■ What the task requires
Copy out the entries that follow exactly, leaving out the pictures.

Stored data
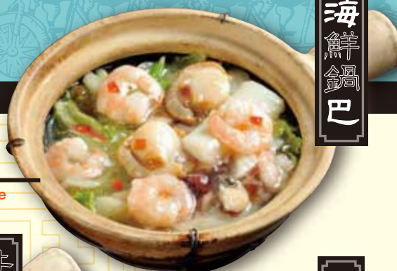
海鮮五目おこげ Seafood thick sauce on crispy rice 1380 税別
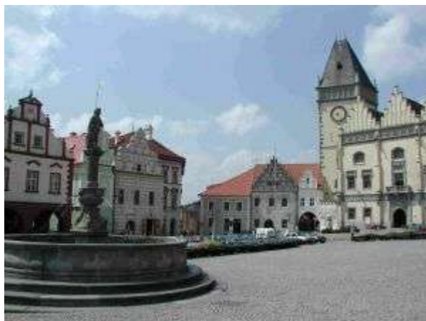
La place centrale de la ville

Tàbor : Ville royale, la ville de Tàbor avec ses 37000 habitants se situe en Bohême du sud. Cette région se distingue par ses beautés naturelles, ses étangs ainsi que par ses remarquables architectures urbaines et rurales. Ville d'art, en outre de son musée Hussite et d'une architecture d'exception, Tàbor possède de nombreuses galeries d'art ainsi qu'un musée privé remarquable.
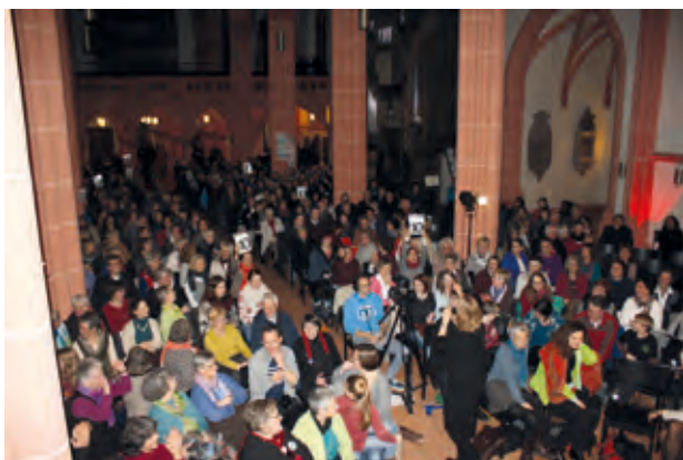
Was für ein Publikum! · FrauenPreacherSlam

Der FrauenPreacherSlam im Februar in Heidelberg, das Speed-Dating und das Frauenmahl auf dem Konstanzer Konzil im Juni und der Jubiläumstag im Oktober in Karlsruhe waren die Höhepunkte des Jubiläumsjahres. Viele schöne Fotos sind auf diesen Veranstaltungen entstanden; hier erinnern wir uns noch einmal!
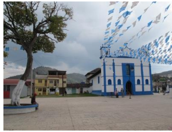
Barrio de San Diego
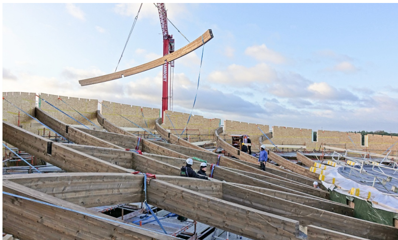
Travaux de construction de la structure porteuse.
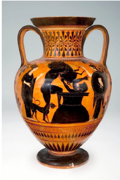
Fig. 8. Ánfora griega con la caza del jabalí de Erimanto, c. 515-500, Museo Arqueológico Nacional de España, Madrid.

por Artemisa para devastar el entorno de esta ciudad de Etolia. Sobre este último se cuenta que halló la muerte en una gran cacería encabezada por Meleagro, Atalanta y otros compañeros, y que su piel fue conservada a modo de reliquia en el Templo de Atenea en Tegea 45 . La madre de este jabalí, según Estrabón, habría sido la cerda de Cromión, otro temible ser criado por la anciana Faia que causó graves estragos en Megara y Corinto antes de ser derrotado por Teseo 46 .

■ Expected answer
海鮮五目おこげ Seafood thick sauce on crispy rice 1380 税別
La place centrale de la ville

Tàbor : Ville royale, la ville de Tàbor avec ses 37000 habitants se situe en Bohême du sud. Cette région se distingue par ses beautés naturelles, ses étangs ainsi que par ses remarquables architectures urbaines et rurales. Ville d'art, en outre de son musée Hussite et d'une architecture d'exception, Tàbor possède de nombreuses galeries d'art ainsi qu'un musée privé remarquable.
Was für ein Publikum! · FrauenPreacherSlam

Der FrauenPreacherSlam im Februar in Heidelberg, das Speed-Dating und das Frauenmahl auf dem Konstanzer Konzil im Juni und der Jubiläumstag im Oktober in Karlsruhe waren die Höhepunkte des Jubiläumsjahres. Viele schöne Fotos sind auf diesen Veranstaltungen entstanden; hier erinnern wir uns noch einmal!
Barrio de San Diego
Travaux de construction de la structure porteuse.
Fig. 8. Ánfora griega con la caza del jabalí de Erimanto, c. 515-500, Museo Arqueológico Nacional de España, Madrid.

por Artemisa para devastar el entorno de esta ciudad de Etolia. Sobre este último se cuenta que halló la muerte en una gran cacería encabezada por Meleagro, Atalanta y otros compañeros, y que su piel fue conservada a modo de reliquia en el Templo de Atenea en Tegea 45 . La madre de este jabalí, según Estrabón, habría sido la cerda de Cromión, otro temible ser criado por la anciana Faia que causó graves estragos en Megara y Corinto antes de ser derrotado por Teseo 46 .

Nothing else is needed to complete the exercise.